- Sharma in 1989
- Born: 13 August 1964 Bombay, Maharashtra, India
- Died: 10 December 1996 (aged 32) New York City, U.S
- Other name: Richa Sharma Dutt
- Occupations: Actress; model;
- Years active: 1985–1987
- Notable work: Hum Naujawan (1985)
- Spouse: Sanjay Dutt ​(m. 1987)​
- Children: 1

= Richa Sharma (actress) =

Indian film actress (1964–1996)

Richa Sharma (6 August 1964 – 13 December 1996), also known by her married name Richa Sharma Dutt, was an Indian actress and model who worked in Bollywood. She married Sanjay Dutt in 1987 and died of a brain tumour in 1996.

== Career ==
Sharma had approached Dev Anand at a film shoot wanting to be cast as his next heroine but was too young.

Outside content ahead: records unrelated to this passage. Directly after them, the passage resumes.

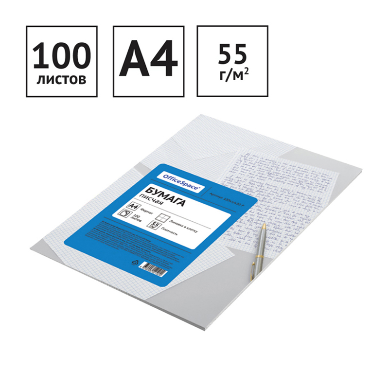 Бумага писчая OfficeSpace формата А4 – это отличный вариант для письма, секретарских работ, печати документации и изготовления печатной продукции на ризографах, матричных принтерах, малых печатных машинах и т.д. <br/>Бумага белого цвета имеет линовку в клетку. Плотность – 55 гр/м2, белизна – 100 % по ГОСТ. В упаковке писчей бумаги OfficeSpace 100 листов. В коробке 15 пачек.
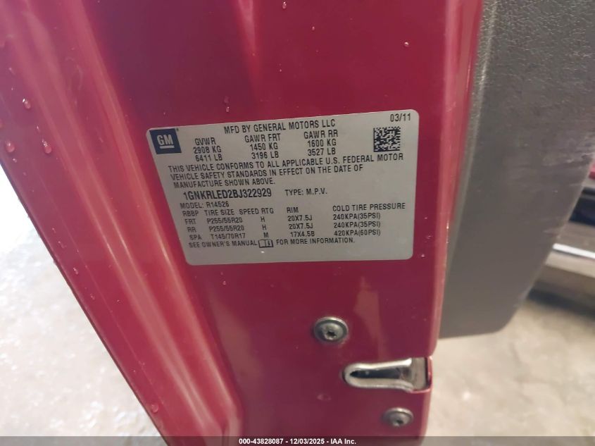 2011 CHEVROLET TRAVERSE 2011 року Бензин, 3.6, Передний привод, vin - 1GNKRLED2BJ322929 из США
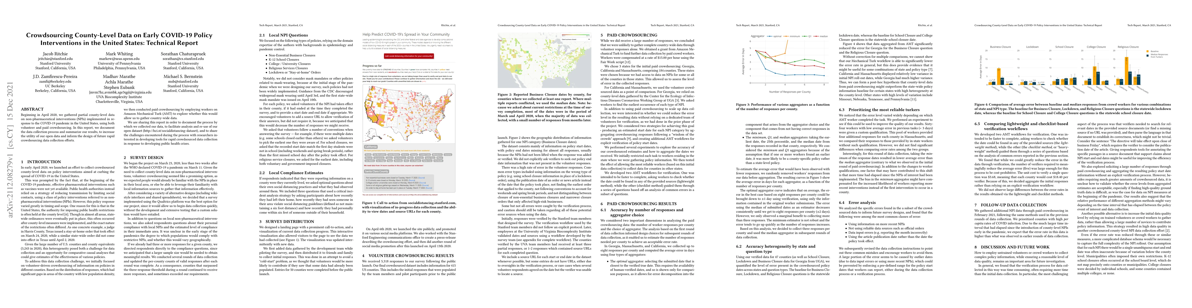 This report details the crowdsourcing process to collect county-level data on early COVID-19 non-pharmaceutical interventions in the U.S., using both volunteer and paid contributors, aiming to enhance data utility and inform future rapid data collection initiatives.
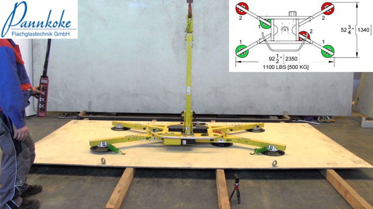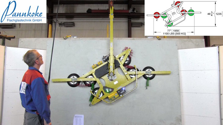 Das bedeutet, wenn ein Gerät für 500 kg ausgelegt ist und über zwei Vakuumkreise verfügt, muss jeder Vakuumkreis auch die Prüflast von 1000 kg sicher halten. Nach unserem Verständnis der EU-Norm EN 13155 muss dies mindestens für 5 Minuten gewährleistet sein und zwar in jeder Lage.
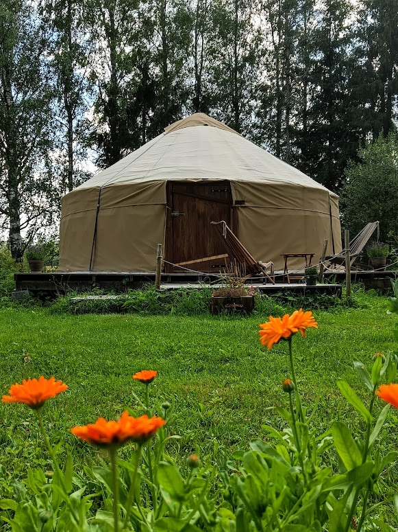 Tunnelmallinen ja mukava jurtta, on täydellinen irtiotto arjesta, luonnon helmaan. Tilava, käsintehty jurtta on sisustettu viihtyisäksi ja halutessasi pääset myös jurttasaunaan rentoutumaan (ei lisämaksua). Pesupaikka sijaitsee kriikunapuun alla, kauniisti pajuaidoilla suojattuna. Majoitusjurtassa on puilla lämpenevä kamiina jolla voit lämmittää jurttaa ja keittää vaikka tee- tai kahvivettä. Aamulla tuomme aamiaisen jurtalle. "Glampingiä parhaimmillaan!"

Dev promised her that he would cast her once she grew older, he then eventually gave her a break with Hum Naujawan in 1985. She next went on to act in several films like Anubhav, Insaaf Ki Awaaz, Sadak Chhap and Aag Hi Aag in 1987.

==Filmography==

Year: Film; Role; Language; Notes
1985: Hum Naujawan; Rashmi; Hindi; Debut film
1986: Anubhav; Bijli
Insaaf Ki Awaaz: Renu
1987: Sadak Chhap; Natasha
Aag Hi Aag: Tulsi Singh; Last film

== Personal life and death ==
Sharma married Bollywood actor, Sanjay Dutt in New York City, United States in 1987. The couple had a daughter, Trishala Dutt. Within two years of marriage, she was diagnosed with a brain tumour. Sharma died at her parents' home in New York on 10 December 1996.